▶ _Dataset items_
BEGIN
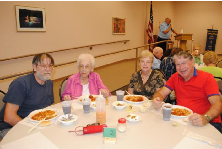
F-17: We thank this table and all the others for supporting our K of C Pasta Dinner tonight.
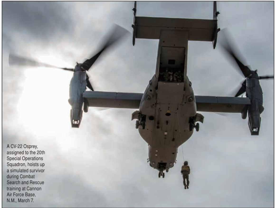
A CV-22 Osprey, assigned to the 20th Special Operations Squadron, hoists up a simulated survivor during Combat Search and Rescue training at Cannon Air Force Base, N.M., March 7.
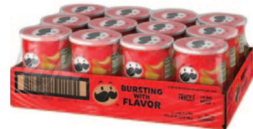
Pringles Original #519736 12/1.3 oz.
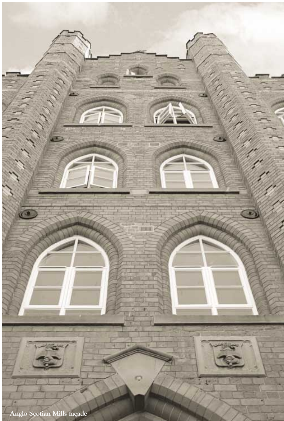
Anglo-Scottish Mills facade
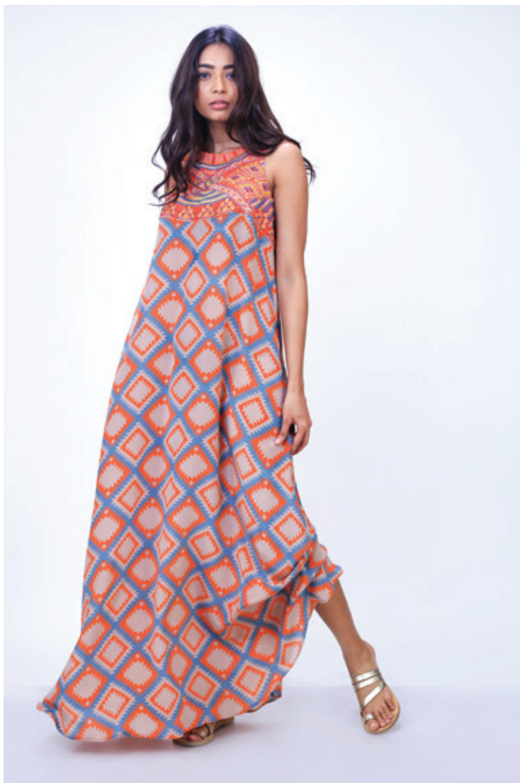
Ref: Aztec 01MD Color: Orange Blue Sizes: S, M, L
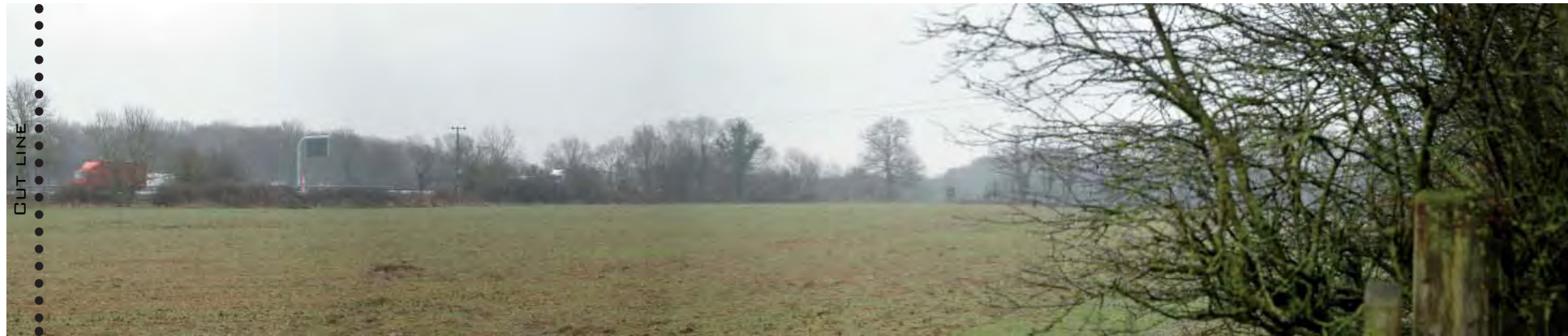
View looking north into the site from B4122.
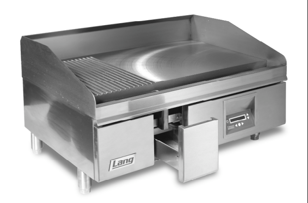
Model 236Z shown, with optional grooved plate section
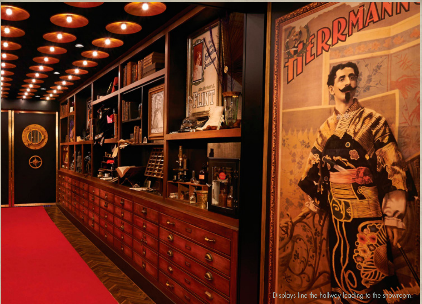
Displays line the hallway leading to the showroom.

actly as planned, he finally performs a hilarious but clever act and wins the competition.
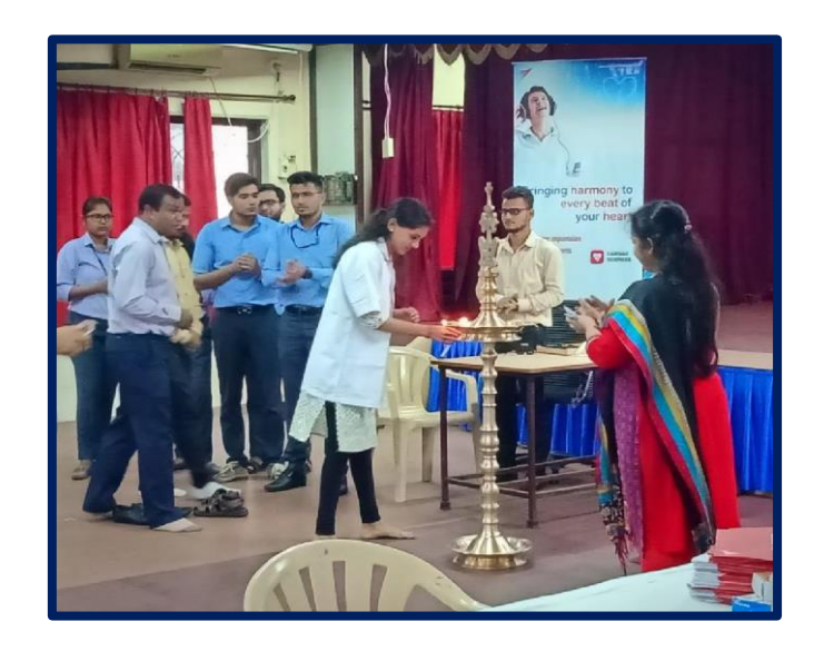
Health Check-up Camp in Association with Wockhardt Hospital, Mira Road
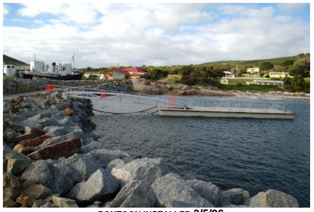
PONTOON INSTALLED 3/5/06
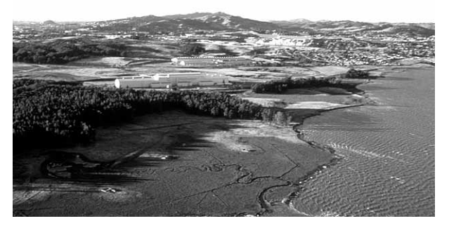
Point Pinole's Whittel Marsh (foreground) is home to the salt marsh song sparrow and salt marsh harvest mouse.
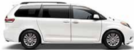
SUPER WHITE 9 Bisque, Light Gray or Dark Charcoal 5 interior
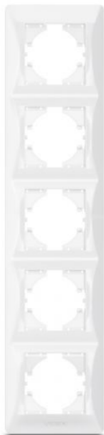
Frame 5 gang vertical white
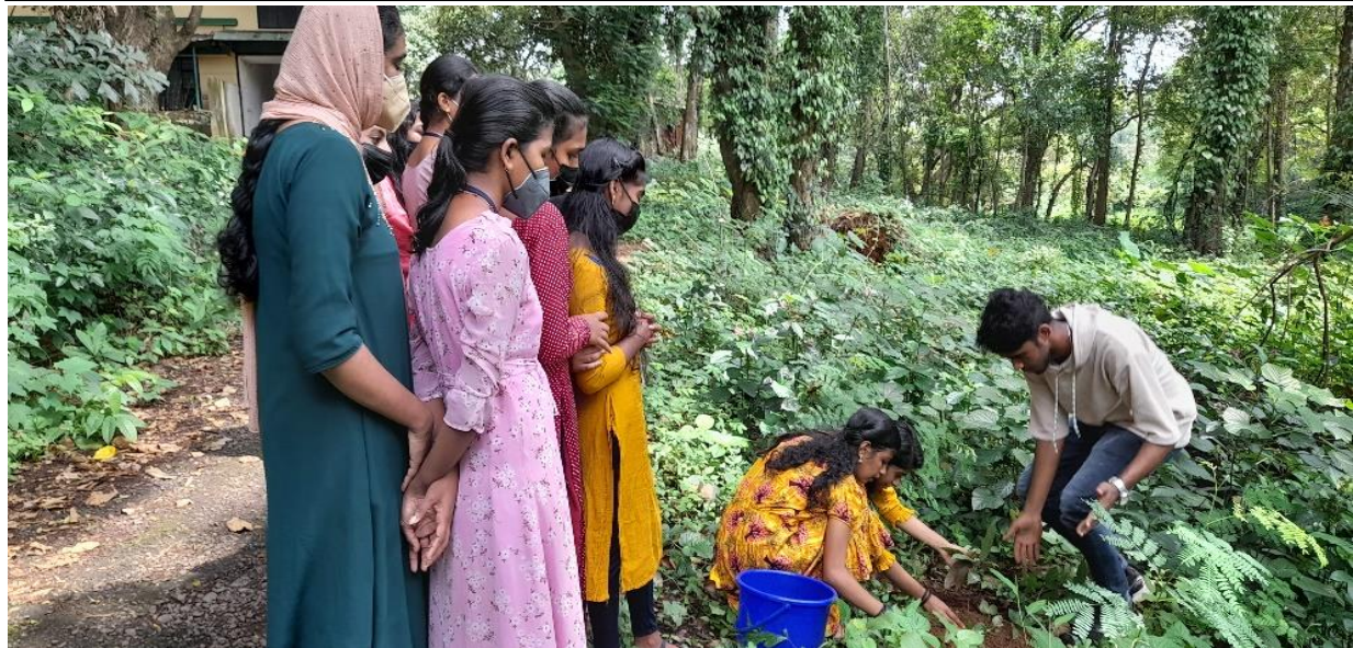
Fruit plants in our BCI location
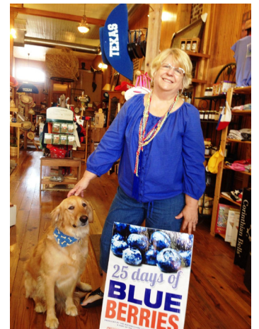
HEART OF TEXAS - Page 2

As one of the oldest gift shops in Nacogdoches, customers number into the thousands. Items have been purchased for; Willie Nelson, George W. Bush, and for use in the movie "Charlie Wilson's War." Rod Stewart's ex-wife and Nacogdoches county native, Alana Stewart, shops when she is in town. Customers have been from Australia, Sweden, Germany, Italy, France, Japan, China, Brazil, England, South Africa, Canada, Mexico, and almost every state in the Union. Children that first came in the store 22-years ago with their parents are now customers bringing in their own children.
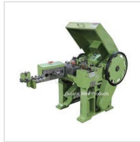
Steel Nail Making Machine
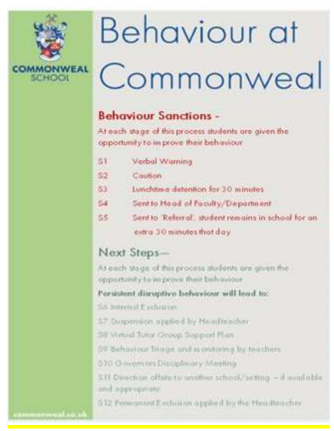
See also the school's Behaviour for Learning Policy - P25.
END
▶ _About this exercise_
The reply should hold an exact repeat of the entries from their opening line through the line with "HEART OF TEXAS - Page 2", and no pictures at all.

▶ _Written solution_
F-17: We thank this table and all the others for supporting our K of C Pasta Dinner tonight.
A CV-22 Osprey, assigned to the 20th Special Operations Squadron, hoists up a simulated survivor during Combat Search and Rescue training at Cannon Air Force Base, N.M., March 7.
Pringles Original #519736 12/1.3 oz.
Anglo-Scottish Mills facade
Ref: Aztec 01MD Color: Orange Blue Sizes: S, M, L
View looking north into the site from B4122.
Model 236Z shown, with optional grooved plate section
Displays line the hallway leading to the showroom.

actly as planned, he finally performs a hilarious but clever act and wins the competition.
Health Check-up Camp in Association with Wockhardt Hospital, Mira Road
PONTOON INSTALLED 3/5/06
Point Pinole's Whittel Marsh (foreground) is home to the salt marsh song sparrow and salt marsh harvest mouse.
SUPER WHITE 9 Bisque, Light Gray or Dark Charcoal 5 interior
Frame 5 gang vertical white
Fruit plants in our BCI location
HEART OF TEXAS - Page 2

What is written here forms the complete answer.